А с неба смотрел на мальчика Дух Жизни, благодатный путеводитель каждого смертного, всего рода человеческого и всей вселенной по стезе, начертанной провидением. Рои светоносных ангелов летали около него. Горестно смотрел Дух. – «Жаль мне тебя, молодой гость земли; мало тела досталось на твой удел и много души. Толпу страданий обрушит на тебя огненный нрав твой, а нет в тебе мощной силы, которую верным щитом может человек противупоставить врагу. Странником будешь ты скитаться между людей; они тебя не признáют за родного, а отчего дома не найти тебе самому. Огонь в твоих глазах – не лазоревый свет неба, а пурпур земной отрасти. Мысль гордая унесет тебя, как дикий конь, а люди бросят камни на дорогу, об которые ты разобьешься». – Один из ангелов задумался и светил голубым взором своим на мальчика, который между тем засыпал. – Дух обратился к ангелу и продолжал: «Среди ужаснейшей бури родился он, один из разрушающих, допотопных переворотов, как отчаянное усилие против гармонии и просветленья, мечом и огнем пробегал по земле. Он протянул руку из колыбели, и неприятельский воин, буйный и пьяный, схватил за нее; он ступил на землю, и маленькая нога его обагрилась кровью человеческой. В сырую, осеннюю ночь лежал он на мостовой; море огня, пожиравшее огромный город, едва могло отогреть посиневшие члены младенца; искры сыпались на него, конские копыты дотрогивались; он был голоден и не мог кричать, изнуренная грудь матери не имела для него капли молока. Жизнь начинала тухнуть, ночь распространялась перед глазами малютки. – Я спас его, но спас телесно. Душа наследовала что-то и от бури, и от пожара, и от крови». Ангел не спускал глаз с спящего ребенка; его болезненное выражение стало еще заметнее; лихорадочные движения пробегали по нем; казалось, что-то чудовищное стоит перед ним и стращает его. «Жаль мне малютку!» – сказал ангел с первою слезою на вечно радостном оке.
– Спаси его.
– О, я готов!
– Но помни. Законы неизменны, путь спасения всему падшему показан: он тот же для вселенной, для человечества и для одного человека. Двух огромных жертв требует он: Земной жизни и Страдания. А как утомительна эта жизнь в оковах тела, эта зависимость от стихий! А как жгучи эти земные несчастия с ядом на губах, с заразой в дыхании…
– Всё перенесу, мне жаль падшего брата, я вижу на челе не совсем стертую печать красоты Люцифера, той красоты, которою он увлек толпы ангелов. Как хорош был Люцифер до своего паденья, с пурпуровым светом своим, с высокой, необъятной мыслью! Ребенок этот как-то напоминает его черты; о, я люблю его, лишь бы благословил меня Отец, и я привел бы его в родительский дом, дом радости и молитвы; чем больше страданий, чем больше трудностей, тем чище будет он!
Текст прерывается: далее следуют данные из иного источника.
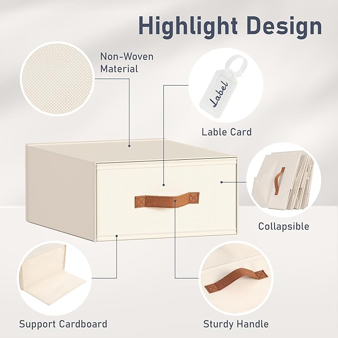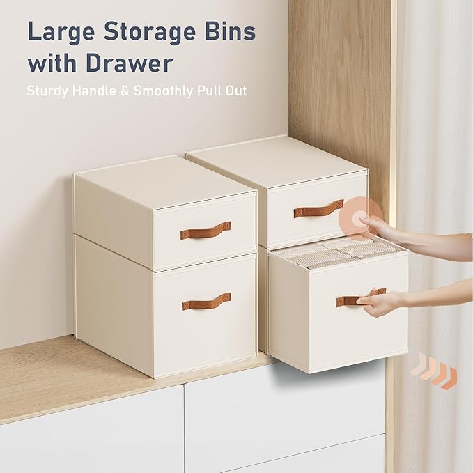 DIMJ Closet Organizers and Storage - Fabric Storage Bins with Drawers Stackable Closet Bins with Labels for Clothes, Sweaters, Bedding, Collapsible Storage Cubes for Bedroom, Living Room, Shelf

– И так да будет! – воскликнул Дух, осенив ангела таинственным знаком. Вдруг тесно стало ему, грудь взволновалась, призрачная мысль отуманилась, сон, не известный жителям неба, оковал его; ему казалось, что он падает, что свет меркнет… было душно… он перестал себя понимать… исчез.
Шаги послышались в ближней комнате; бледный мальчик проснулся; уже смерклось; он взглянул на небо; лазоревая звезда низверглась с быстротою молнии на землю – ему жаль стало звездочки.
Растворилась дверь. Женщина, прелестная собой, взошла со свечою в залу. «Александр, Александр, где ты?» – «Я здесь, maman», – отвечал Александр. – «Куда ты это спрятался? я тебе скажу радость: у тебя родилась маленькая сестрица». – Глаза ребенка сверкнули, будто он понял всю высокую мистерию этого рождения. – «Ведь дети с неба?» – спросил он. Да, их бог дает». – «Так эта светлая звездочка, которая сейчас упала, должно быть и есть моя сестра».
– Дитя! – сказала мать улыбаясь.
А писано 22 октября 1837.
Вятка.
Елена*
Und das Dort ist niemals hier!
Спокойно. Я мой век на камне кончу сем.
В небольшом доме на Поварской жил небольшого роста человек. Он жил спокойно, тихо, потому что не умиралось. Весь околоток любил и уважал его; когда он, по обыкновению, приходил в воскресенье к обедне, диакон ставил себе за обязанность поклониться ему особенно; когда он проходил мимо соседней авошной лавочки, толстый лавочник, удивительным образом помещавшийся на крошечном складном стуле, мгновенно вставал, кланялся и иногда осмеливался прибавить: «Ивану Сергеевичу наше низкое почитание». А Иван Сергеевич с лицом, на котором выражалось совершеннейшее спокойствие духа, улыбаясь, принимал эти знаки доброжелательства. Никто не видывал Ивана Сергеевича печальным, сердитым; даже не заметно было, чтоб он старелся. Он являлся на московских улицах здоровым, довольным, счастливым, зимою в теплом сюртуке с потертым бобровым воротником и с палкой из сахарного тростника, летом – в темносинем фраке и с тою же палкой.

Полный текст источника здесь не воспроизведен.